─── Source material

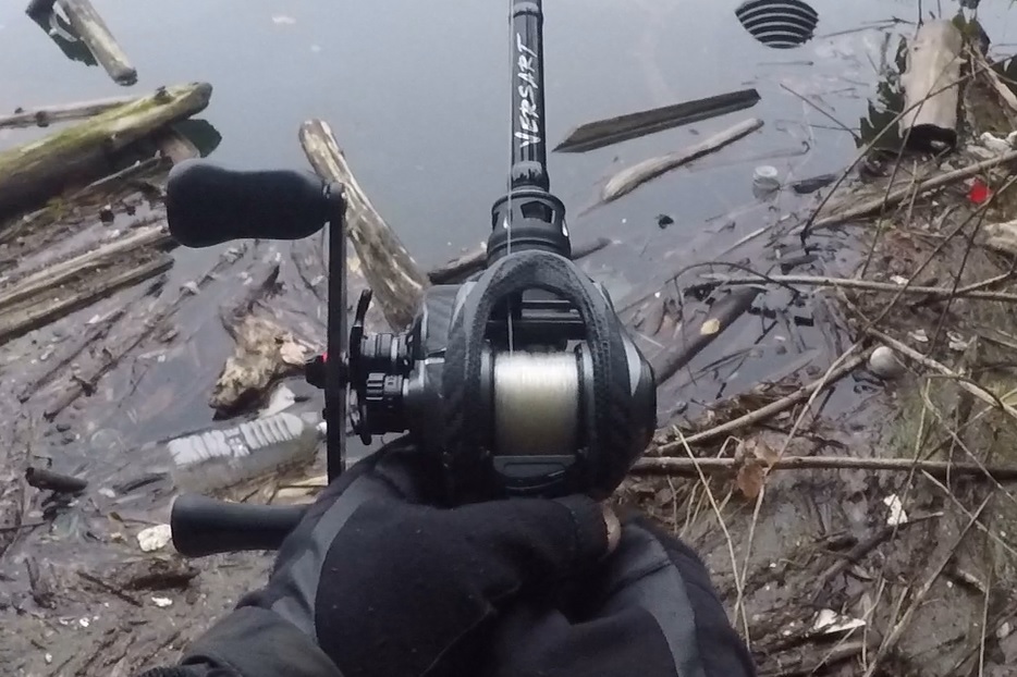 釣行の終わりに、アオコなどで、汚れたライン
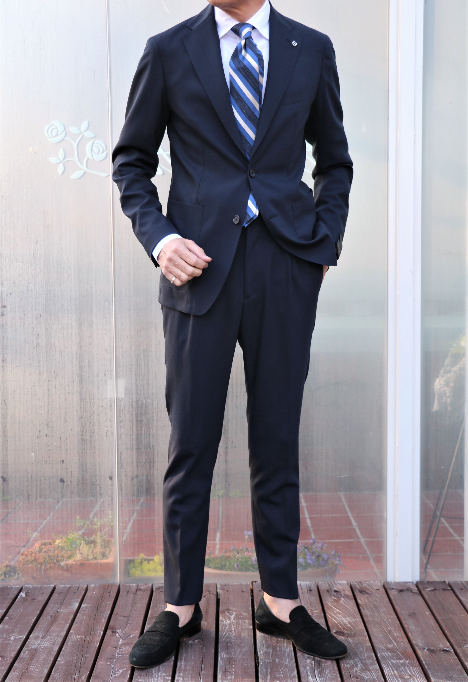同じスーツを使った2パターンのコーディネート。ご紹介するのは、ネイビー無地のスーツですが、ここまで遊びを取り入れることのできるスーツに時代を感じます。こんなスーツなら、真夏でも着たくなる、逆に着ていない方が暑いんじゃないかと思わせてくれる、そんな軽量、涼快な着心地です。
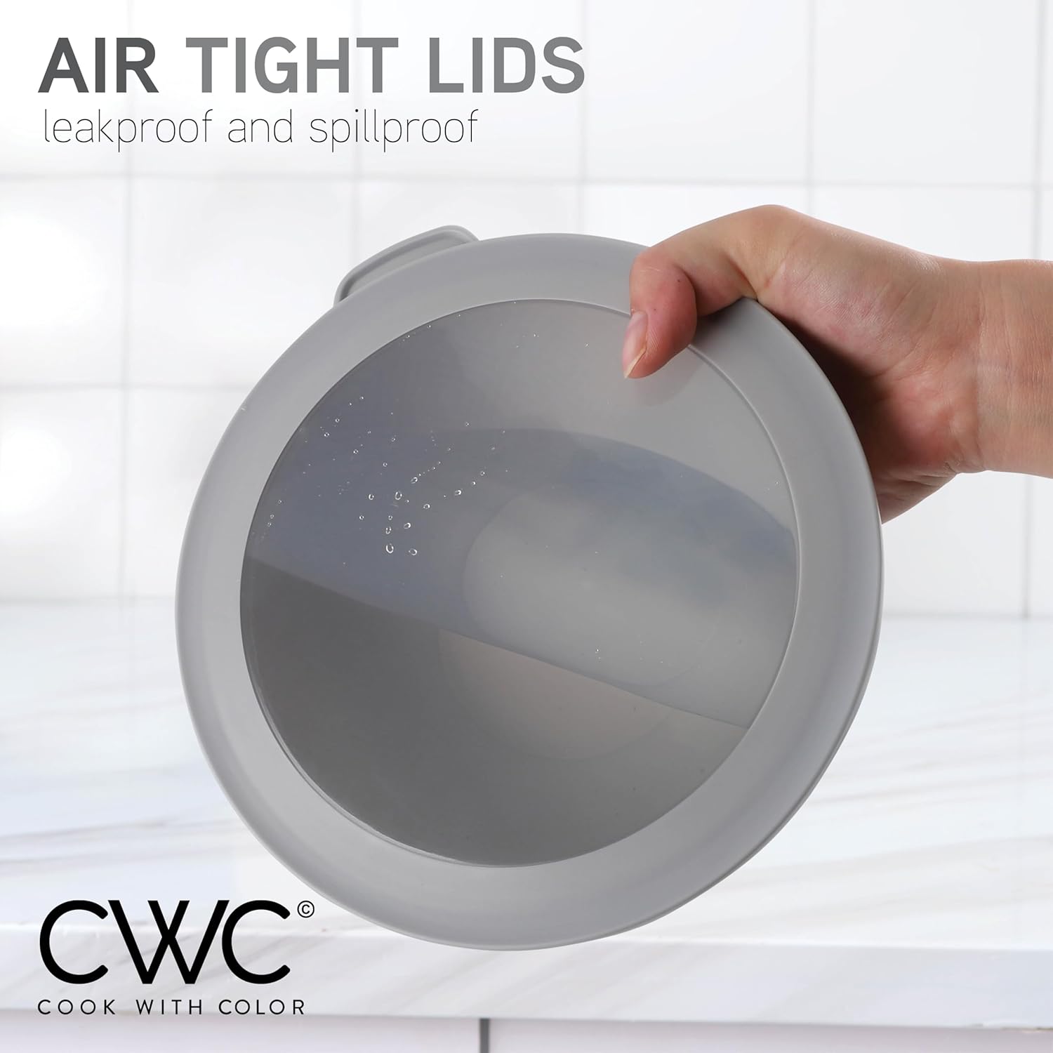 COOK WITH COLOR Mixing Bowls with Lids - 12 Piece Plastic Nesting Bowls Set includes 6 Prep Bowls and 6 Lids, Rhombus Design - Microwave Safe (Grey)
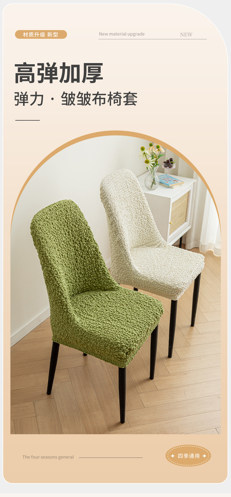 2025 cubierta de silla de mesa de comedor tela elástica plegada gruesa cubierta de asiento antideslizante cuatro estaciones anti-gato universal cubierta de taburetes
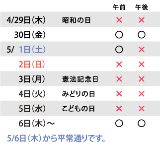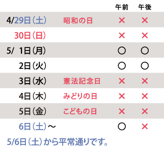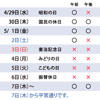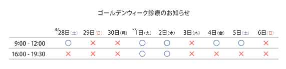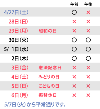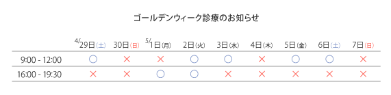 誠に申し訳ありませんがゴールデンウィーク中の診療時間は下記の通りとなります。 ご迷惑をおかけしますが、お間違えの無いようお願いいたします。
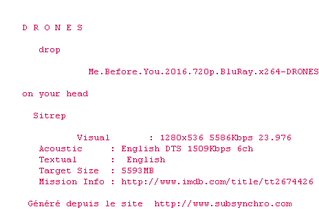 Voir le nfo de la release Me.Before.You.2016.BDRip.x264-DRONES

──────

Task requirements:
What is needed is an exact restatement of every line from the line containing "COOK WITH COLOR" through the last line of the records, minus any pictures.

Written solution:
 COOK WITH COLOR Mixing Bowls with Lids - 12 Piece Plastic Nesting Bowls Set includes 6 Prep Bowls and 6 Lids, Rhombus Design - Microwave Safe (Grey)
 2025 cubierta de silla de mesa de comedor tela elástica plegada gruesa cubierta de asiento antideslizante cuatro estaciones anti-gato universal cubierta de taburetes
 誠に申し訳ありませんがゴールデンウィーク中の診療時間は下記の通りとなります。 ご迷惑をおかけしますが、お間違えの無いようお願いいたします。
 Voir le nfo de la release Me.Before.You.2016.BDRip.x264-DRONES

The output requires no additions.